* **DATASET EXTRACT**:
********************
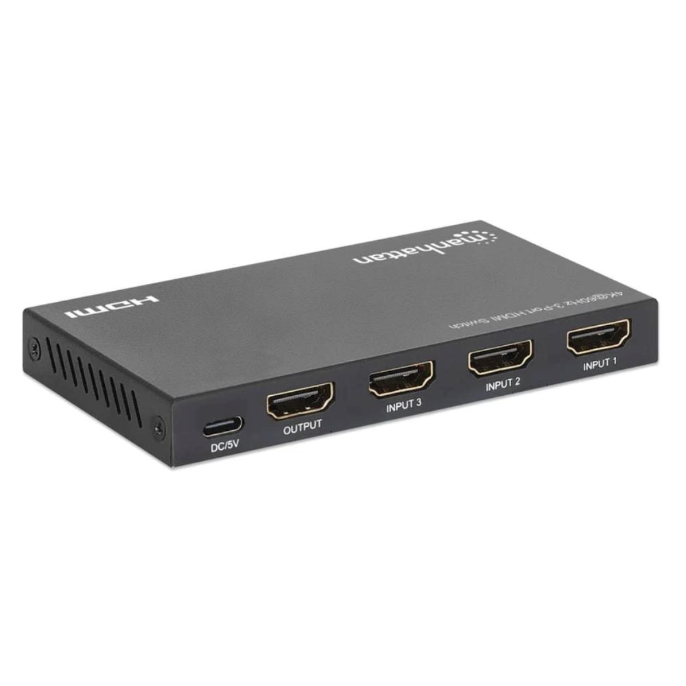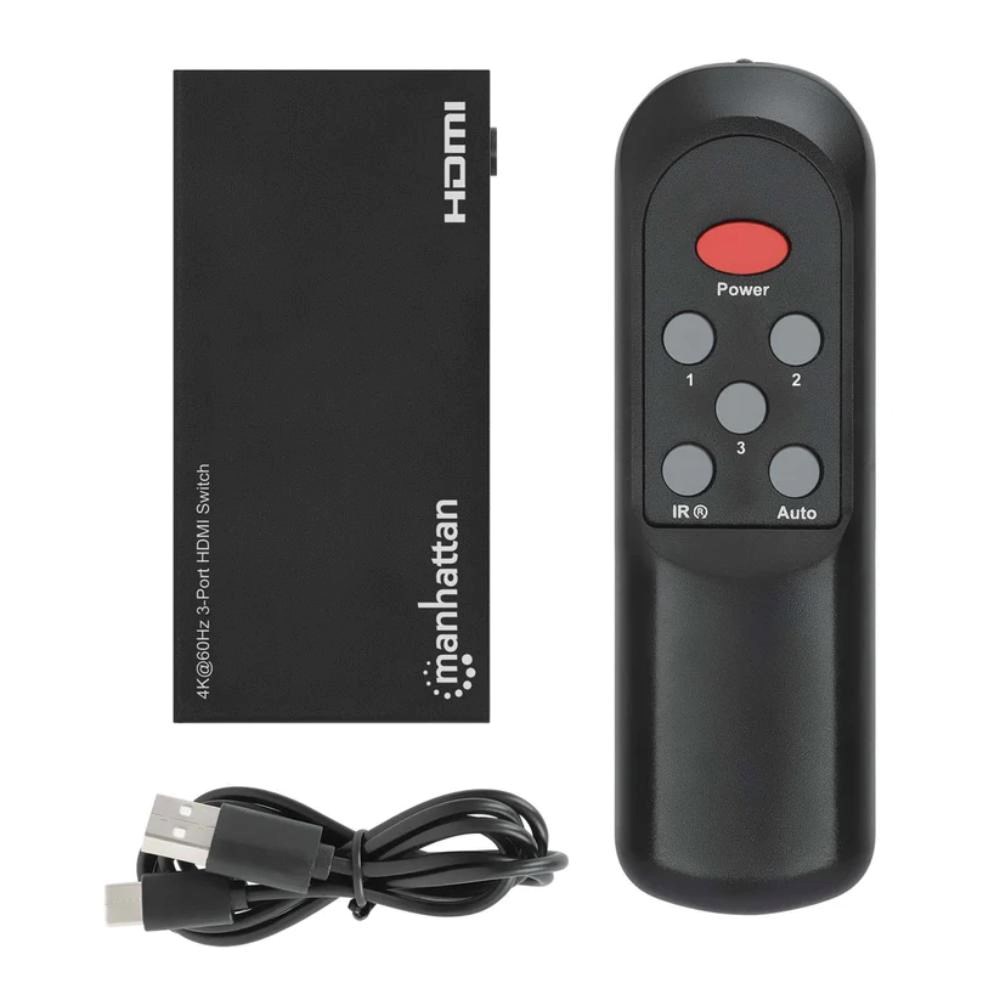 Switches between three HDMI audio/video source signals on a single display Resolutions up to Ultra-High-Definition (UHD) 4K@60Hz (3840×2160) Automatically switches to a newly turned on source, with the option for manual switching via IR remote control or the push of a button on the HDMI switch
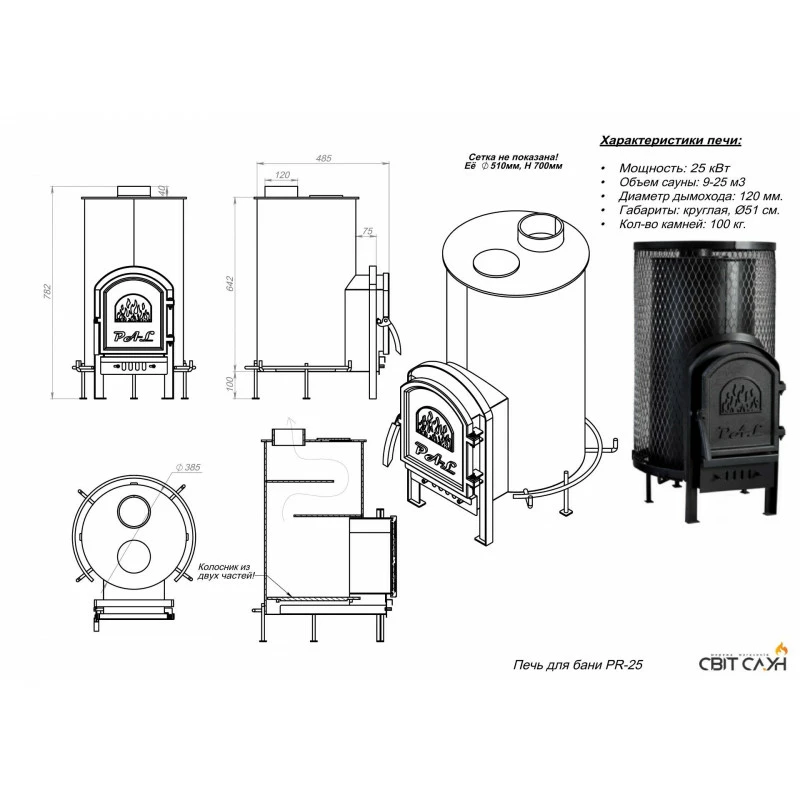 PR-25 – это печь для бани PAL средних размеров, рассчитанная на парные вплоть до 25 кубических метров. Наличие специальной сетки позволяет загрузить в печь до 100 кг камней, которые даже после затухания огня еще долгое время могут отапливать парную. Чугунная дверца обработана термостойкой краской черного цвета, которая выдерживает перепады температур и не облупливается даже после долгой эксплуатации.
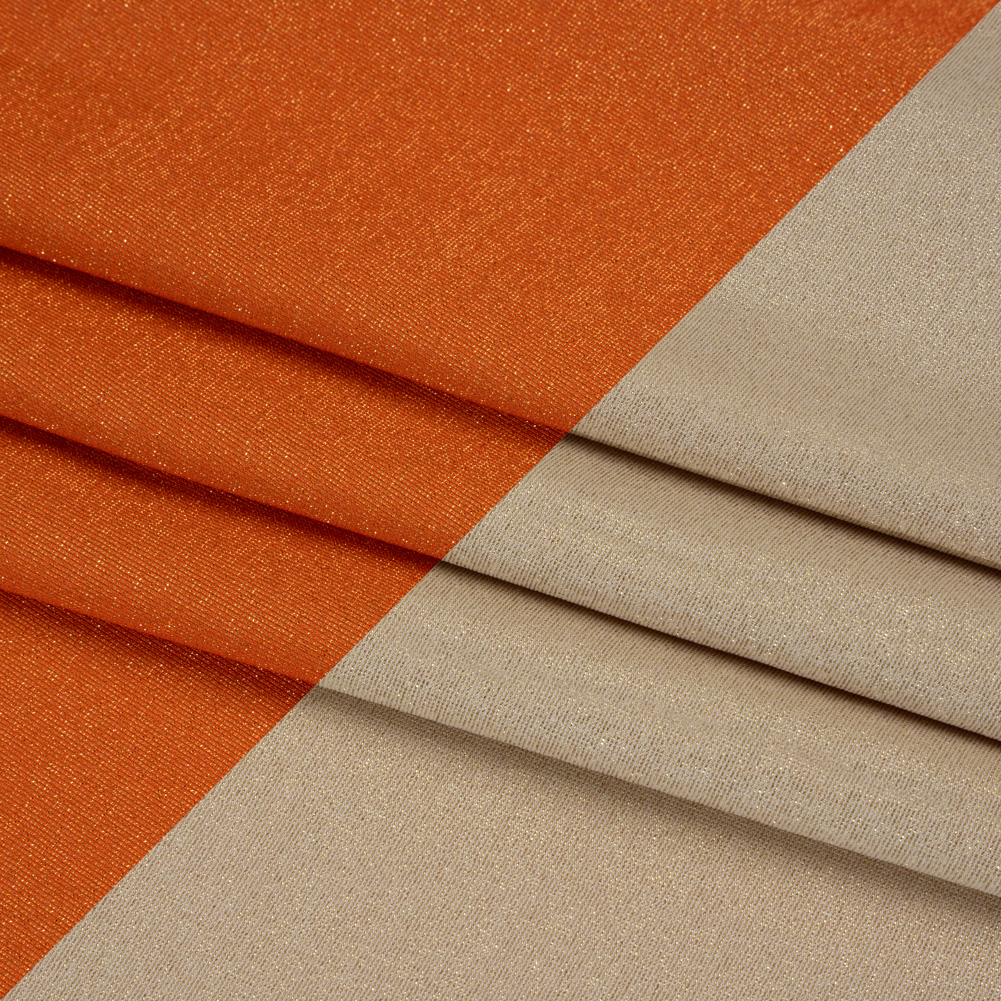 Fashion statements are what this Famous Australian Designer Persimmon, Beige and Metallic Gold Double Face Stretch Polyester Tricot does best. Metallic gold threading textures the sleek surface with a slightly grainy feel, instantly glamorizing the comfort of the 60% all-way stretch and fluid drape with an intoxicating brilliance. The bright orange face and cream reverse push you to explore dual-toned creations and reversible garments; have fun fashioning bodycon dresses, flared leggings, and biker shorts that are uniquely you.
********************
Output each line above exactly as it stands, omitting the pictures.

* **COMPLETED EXERCISE**:
 Switches between three HDMI audio/video source signals on a single display Resolutions up to Ultra-High-Definition (UHD) 4K@60Hz (3840×2160) Automatically switches to a newly turned on source, with the option for manual switching via IR remote control or the push of a button on the HDMI switch
 PR-25 – это печь для бани PAL средних размеров, рассчитанная на парные вплоть до 25 кубических метров. Наличие специальной сетки позволяет загрузить в печь до 100 кг камней, которые даже после затухания огня еще долгое время могут отапливать парную. Чугунная дверца обработана термостойкой краской черного цвета, которая выдерживает перепады температур и не облупливается даже после долгой эксплуатации.
 Fashion statements are what this Famous Australian Designer Persimmon, Beige and Metallic Gold Double Face Stretch Polyester Tricot does best. Metallic gold threading textures the sleek surface with a slightly grainy feel, instantly glamorizing the comfort of the 60% all-way stretch and fluid drape with an intoxicating brilliance. The bright orange face and cream reverse push you to explore dual-toned creations and reversible garments; have fun fashioning bodycon dresses, flared leggings, and biker shorts that are uniquely you.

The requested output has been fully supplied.